The sale drew a hefty A$10.7 billion in bids to yield 1.6 per cent, 65 basis points less than the equivalent US note. Yields on three-year paper hit an historic low of 1.082 per cent, while futures firmed to 98.915.
Bonds everywhere have been boosted by a run of soft global economic data and worries the Sino-US trade dispute could last for years, and spread to other nations.
The local market gained added impetus from the prospect of cuts in official rates as economic growth and inflation sorely disappointed. The Reserve Bank of Australia (RBA) is considered almost certain to ease by a quarter point to 1.25 per cent at a policy meeting next week.
Futures have fully priced in a further move to 1 per cent by September at the latest, and imply a 64 per cent chance of reaching 0.75 per cent by February next year.
Gross domestic product data for the March quarter due out next week is expected to justify that dovish outlook with annual economic growth seen slowing to just 1.8 per cent or less, levels last seen during the global financial crisis.

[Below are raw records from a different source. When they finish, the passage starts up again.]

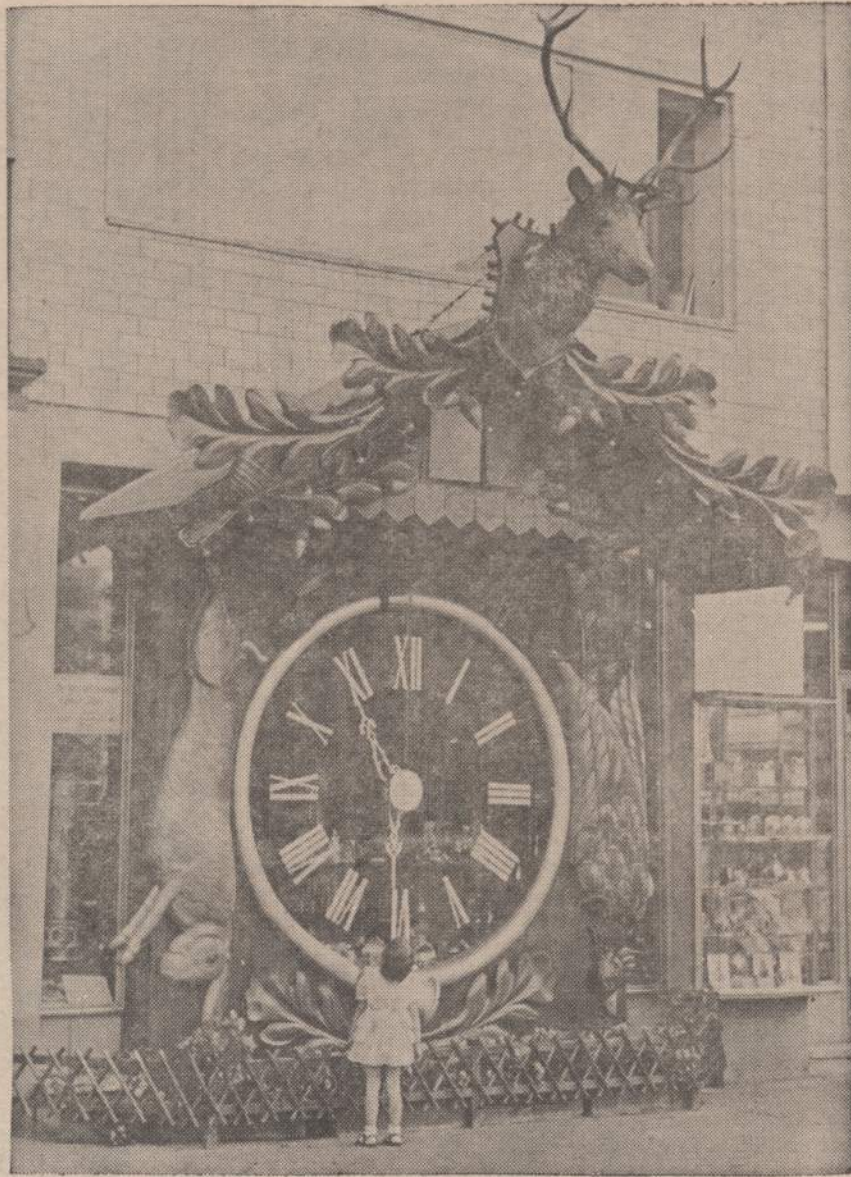
Wiesbadene pastatytas didžiausias vokiečių kukuojantis laikrodis. Paveiksle matome mažą mergaitę, sekancią laikrodžio rodyklių judesius. Kai šis laikrodis "užkukuoja", tai reikia ausis užsikimšti. Jis nepaprastai garsus.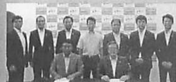
意見交換の後、府議、市長、市議団で

この意見交換会は、府の令和2年度の事業計画策定に向けて、市から府に対する要望を伝え、各項目について府から説明(答弁)を受けるものです。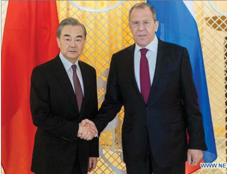
တရုတ်နိုင်ငံခြားရေးဝန်ကြီး ဝမ်ယီနှင့် ရုရှားနိုင်ငံခြားရေးဝန်ကြီး ဆာဂျီလက်ဗရော့ပ်တို့ ရုရှားနိုင်ငံ ဆိုချီမြို့၌ မေ ၁၃ ရက်က တွေ့ဆုံစဉ်။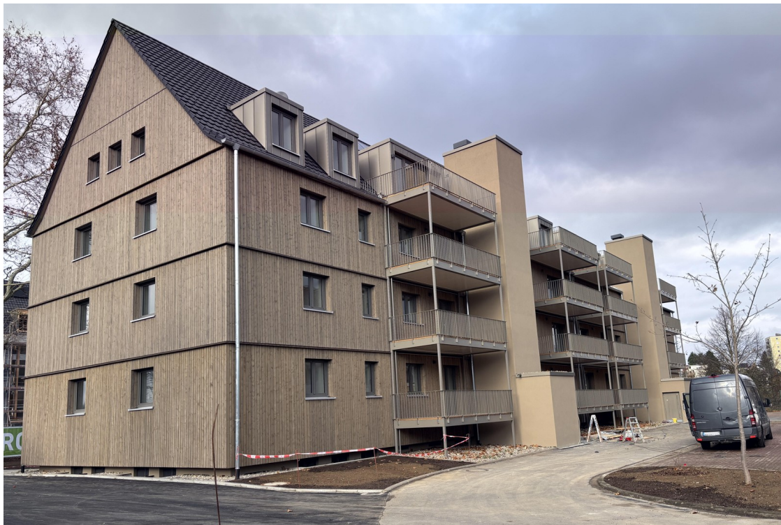
Außenansicht Parkplatz Aufzug

The only glint of light has been signs of a pick up in home loan demand and house prices since the conservative government won re-election on May 18.
"We cannot ignore the growing body of anecdotes of a post-election bounce activity such housing foot traffic/auction clearance rates and weekly consumer confidence surging to above average levels," said Annette Beacher, chief Asia-Pacific macro strategist at TD Securities.
"We favour a short pause at 1.25 per cent for the RBA to not only assess the impact of a June cut, but determine exactly what fiscal stimulus is coming down the pipe and what impact this could have on the economic outlook."
The government has already committed to a modest tax rebate from July 1, while the RBA itself has called for more public spending on infrastructure to support activity.
The Reserve Bank of New Zealand (RBNZ) has already cut its rates to 1.5 per cent and markets are pricing in at least one more easing in coming months.
The central bank issued its latest assessment of the financial system on Wednesday and noted some of the risks around household debt had abated, though levels were still very high.